> [Stored entries]:
☆ ☆ ☆ ☆ ☆ ☆ ☆
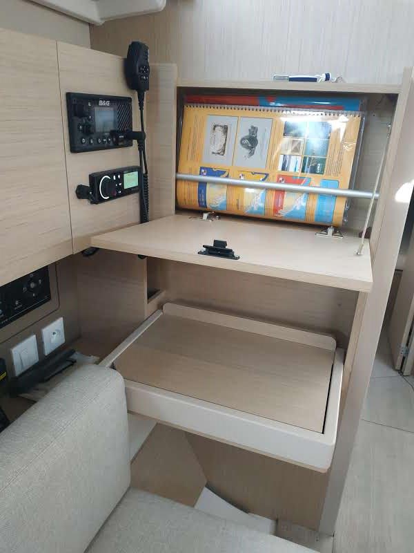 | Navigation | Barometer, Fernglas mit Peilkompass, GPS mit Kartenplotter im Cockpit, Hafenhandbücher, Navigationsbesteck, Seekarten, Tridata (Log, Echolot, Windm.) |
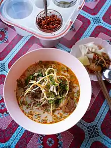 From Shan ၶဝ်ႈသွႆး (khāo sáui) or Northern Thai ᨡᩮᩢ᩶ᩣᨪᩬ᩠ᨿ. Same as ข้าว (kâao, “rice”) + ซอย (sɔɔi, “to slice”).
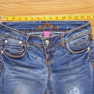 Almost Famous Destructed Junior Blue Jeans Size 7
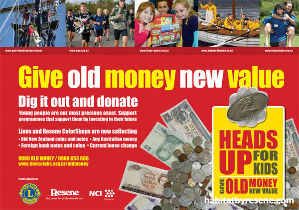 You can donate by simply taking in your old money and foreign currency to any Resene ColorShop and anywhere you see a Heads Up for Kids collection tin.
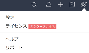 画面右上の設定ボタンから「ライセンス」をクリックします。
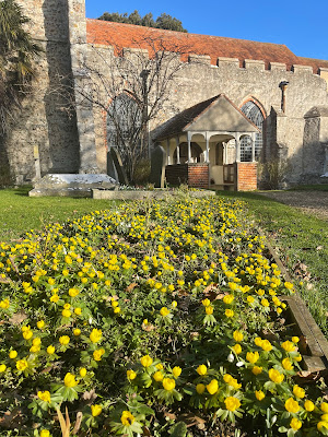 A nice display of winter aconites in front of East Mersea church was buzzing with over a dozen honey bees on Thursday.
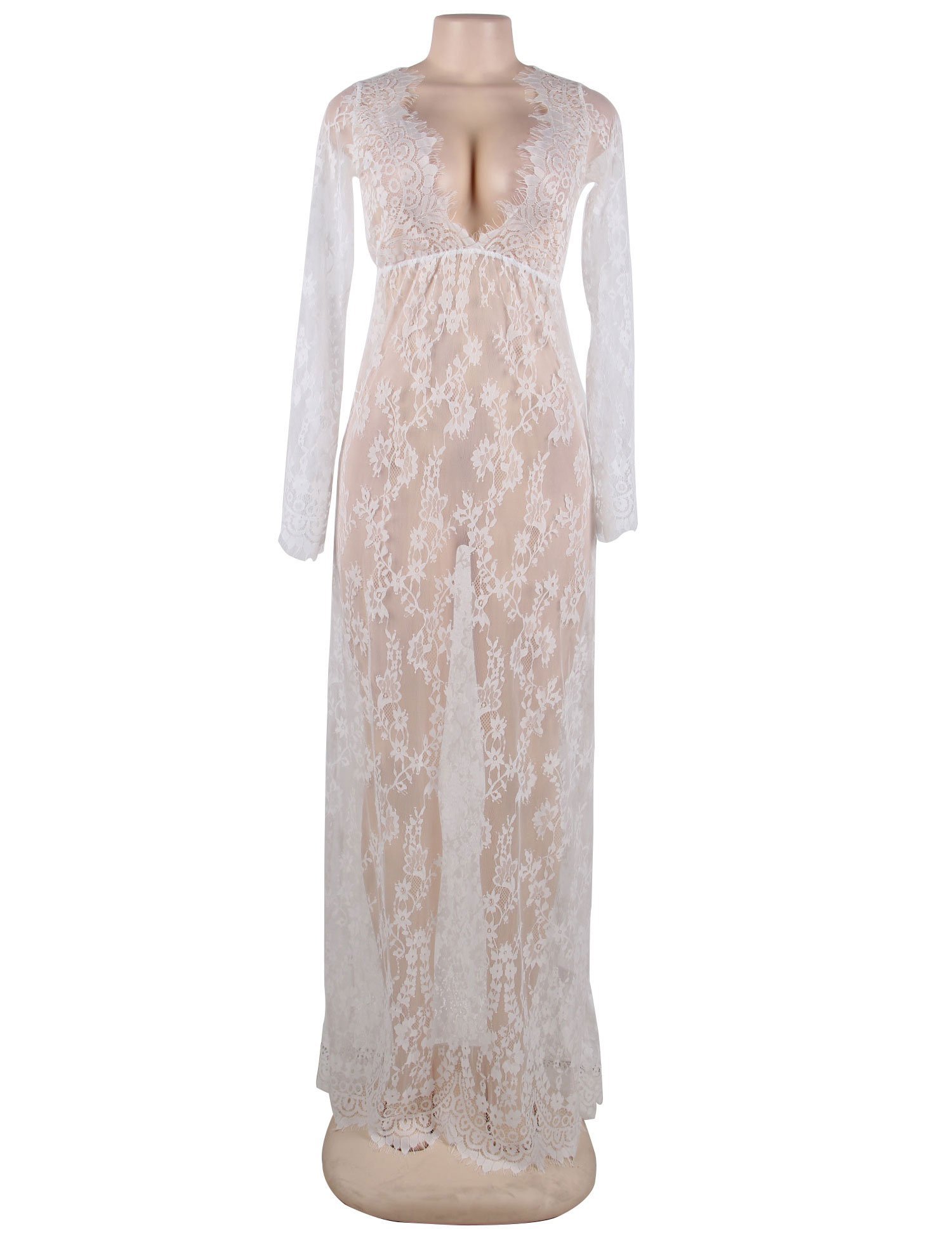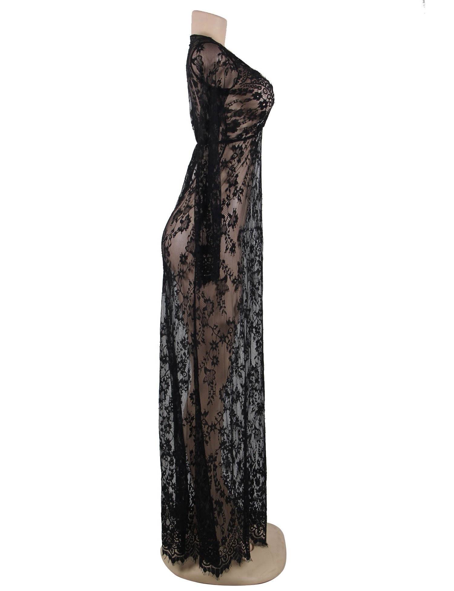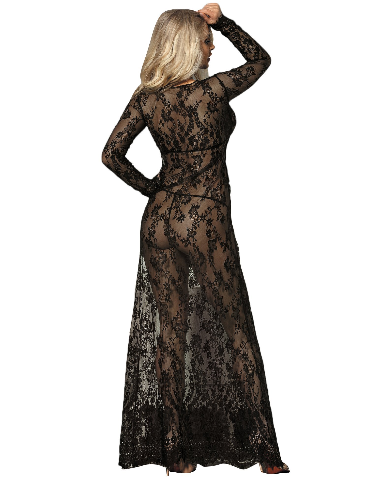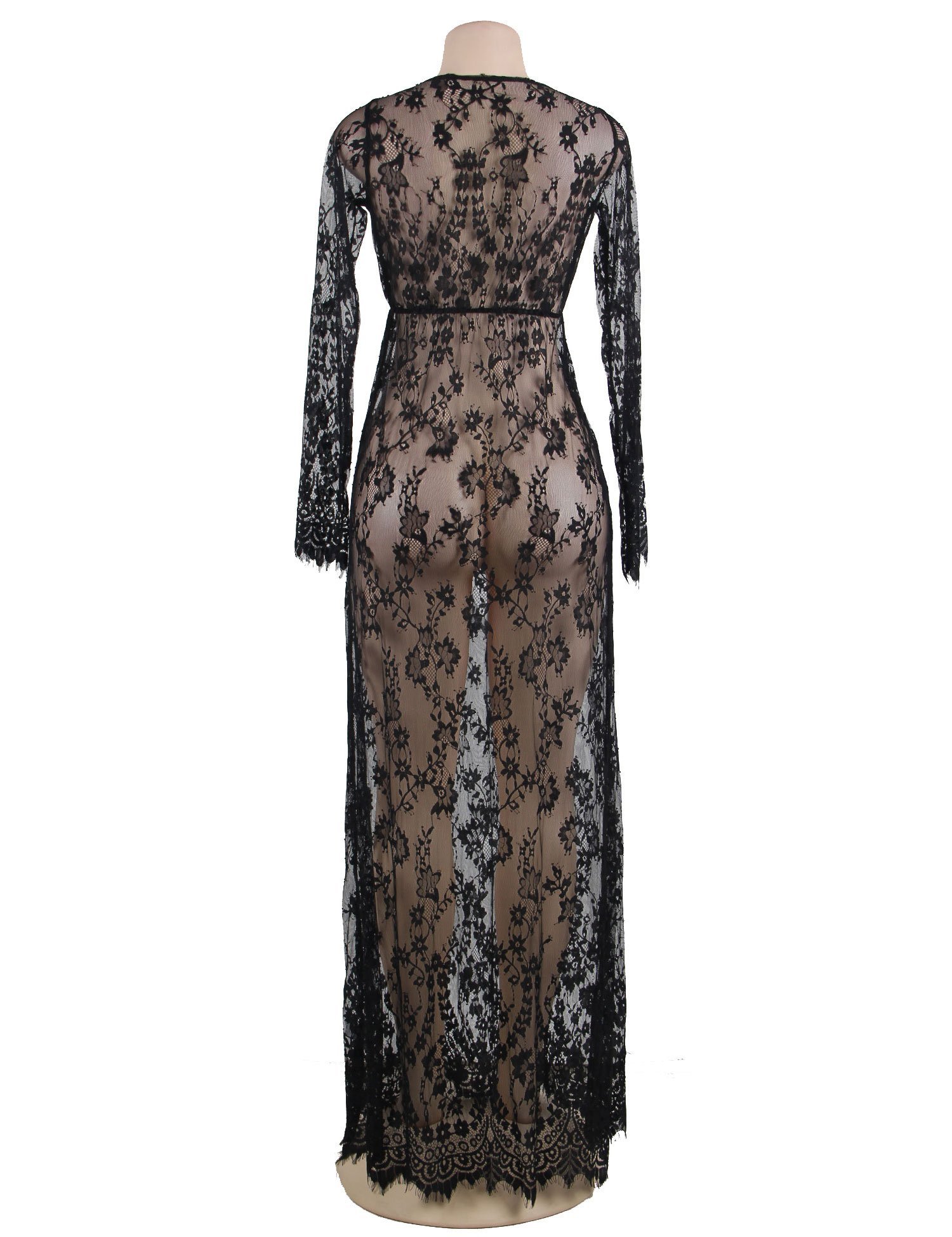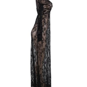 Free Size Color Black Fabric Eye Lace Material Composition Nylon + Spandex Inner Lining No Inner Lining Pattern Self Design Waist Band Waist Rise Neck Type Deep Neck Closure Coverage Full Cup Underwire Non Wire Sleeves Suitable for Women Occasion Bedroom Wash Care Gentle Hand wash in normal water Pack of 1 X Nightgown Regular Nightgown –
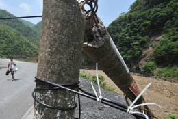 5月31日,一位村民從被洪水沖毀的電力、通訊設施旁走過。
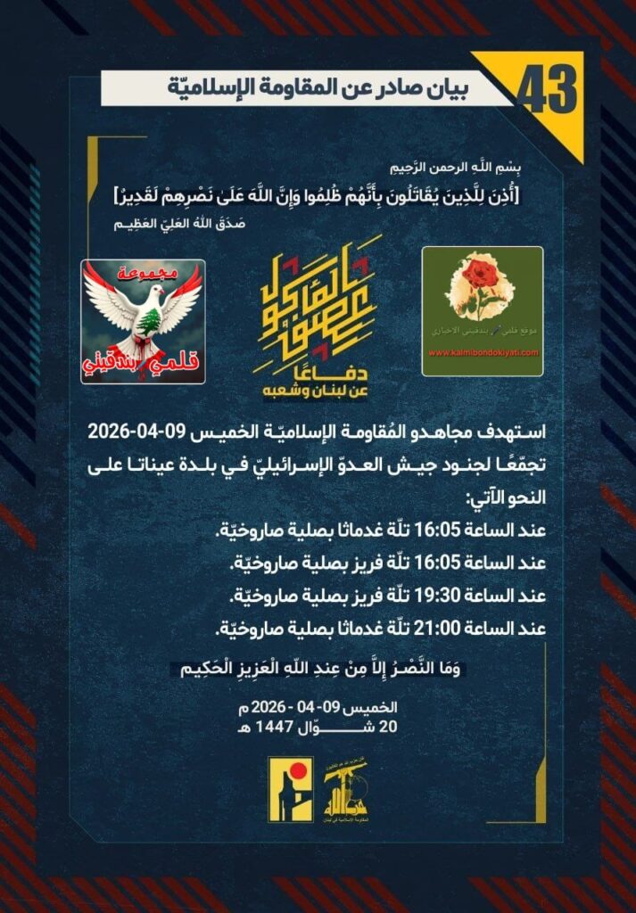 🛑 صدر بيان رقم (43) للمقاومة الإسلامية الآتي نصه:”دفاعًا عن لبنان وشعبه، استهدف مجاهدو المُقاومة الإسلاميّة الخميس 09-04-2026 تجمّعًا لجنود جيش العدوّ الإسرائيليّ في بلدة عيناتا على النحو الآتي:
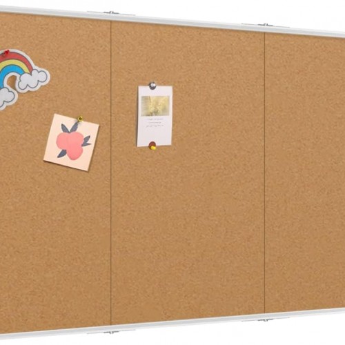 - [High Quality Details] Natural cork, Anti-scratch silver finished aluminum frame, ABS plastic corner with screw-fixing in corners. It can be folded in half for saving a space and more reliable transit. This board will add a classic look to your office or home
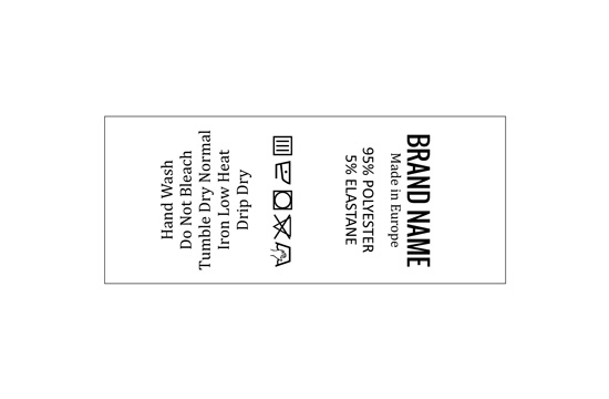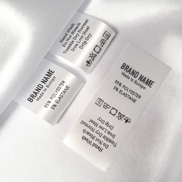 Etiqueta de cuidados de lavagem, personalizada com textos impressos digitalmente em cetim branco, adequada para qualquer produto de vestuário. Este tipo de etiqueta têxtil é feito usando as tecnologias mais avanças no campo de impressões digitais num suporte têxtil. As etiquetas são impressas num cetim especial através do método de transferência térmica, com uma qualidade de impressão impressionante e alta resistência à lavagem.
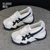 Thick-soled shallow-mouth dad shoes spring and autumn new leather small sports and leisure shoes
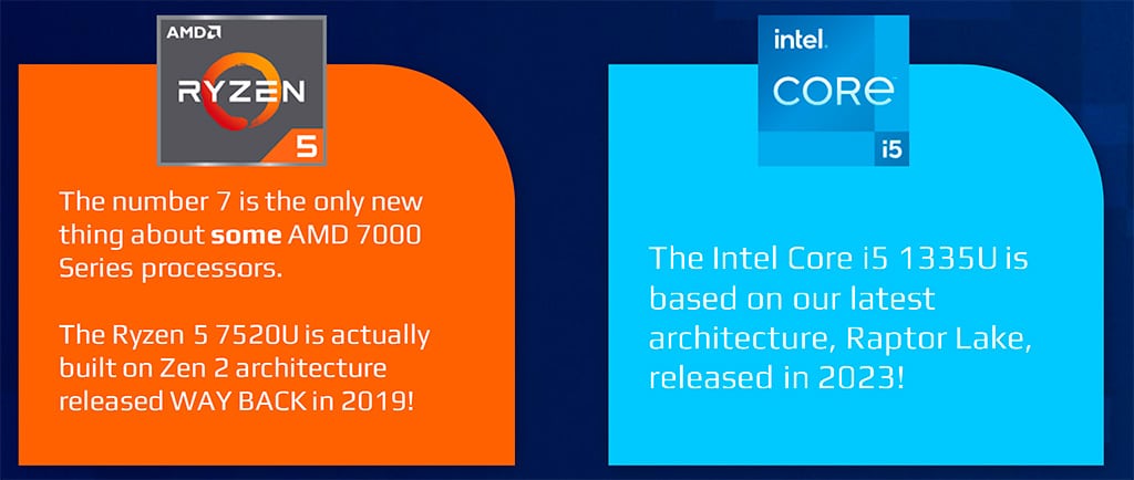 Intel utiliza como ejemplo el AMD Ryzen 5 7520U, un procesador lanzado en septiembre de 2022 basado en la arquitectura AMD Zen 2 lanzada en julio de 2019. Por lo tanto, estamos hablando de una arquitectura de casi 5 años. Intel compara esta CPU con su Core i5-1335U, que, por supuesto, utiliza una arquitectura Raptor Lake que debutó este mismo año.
☆ ☆ ☆ ☆ ☆ ☆ ☆
> [Task objective]: Retype every entry verbatim and exclude the pictures from the copy.

> [Expected answer]:
 | Navigation | Barometer, Fernglas mit Peilkompass, GPS mit Kartenplotter im Cockpit, Hafenhandbücher, Navigationsbesteck, Seekarten, Tridata (Log, Echolot, Windm.) |
 From Shan ၶဝ်ႈသွႆး (khāo sáui) or Northern Thai ᨡᩮᩢ᩶ᩣᨪᩬ᩠ᨿ. Same as ข้าว (kâao, “rice”) + ซอย (sɔɔi, “to slice”).
 Almost Famous Destructed Junior Blue Jeans Size 7
 You can donate by simply taking in your old money and foreign currency to any Resene ColorShop and anywhere you see a Heads Up for Kids collection tin.
 画面右上の設定ボタンから「ライセンス」をクリックします。
 A nice display of winter aconites in front of East Mersea church was buzzing with over a dozen honey bees on Thursday.
 Free Size Color Black Fabric Eye Lace Material Composition Nylon + Spandex Inner Lining No Inner Lining Pattern Self Design Waist Band Waist Rise Neck Type Deep Neck Closure Coverage Full Cup Underwire Non Wire Sleeves Suitable for Women Occasion Bedroom Wash Care Gentle Hand wash in normal water Pack of 1 X Nightgown Regular Nightgown –
 5月31日,一位村民從被洪水沖毀的電力、通訊設施旁走過。
 🛑 صدر بيان رقم (43) للمقاومة الإسلامية الآتي نصه:”دفاعًا عن لبنان وشعبه، استهدف مجاهدو المُقاومة الإسلاميّة الخميس 09-04-2026 تجمّعًا لجنود جيش العدوّ الإسرائيليّ في بلدة عيناتا على النحو الآتي:
 - [High Quality Details] Natural cork, Anti-scratch silver finished aluminum frame, ABS plastic corner with screw-fixing in corners. It can be folded in half for saving a space and more reliable transit. This board will add a classic look to your office or home
 Etiqueta de cuidados de lavagem, personalizada com textos impressos digitalmente em cetim branco, adequada para qualquer produto de vestuário. Este tipo de etiqueta têxtil é feito usando as tecnologias mais avanças no campo de impressões digitais num suporte têxtil. As etiquetas são impressas num cetim especial através do método de transferência térmica, com uma qualidade de impressão impressionante e alta resistência à lavagem.
 Thick-soled shallow-mouth dad shoes spring and autumn new leather small sports and leisure shoes
 Intel utiliza como ejemplo el AMD Ryzen 5 7520U, un procesador lanzado en septiembre de 2022 basado en la arquitectura AMD Zen 2 lanzada en julio de 2019. Por lo tanto, estamos hablando de una arquitectura de casi 5 años. Intel compara esta CPU con su Core i5-1335U, que, por supuesto, utiliza una arquitectura Raptor Lake que debutó este mismo año.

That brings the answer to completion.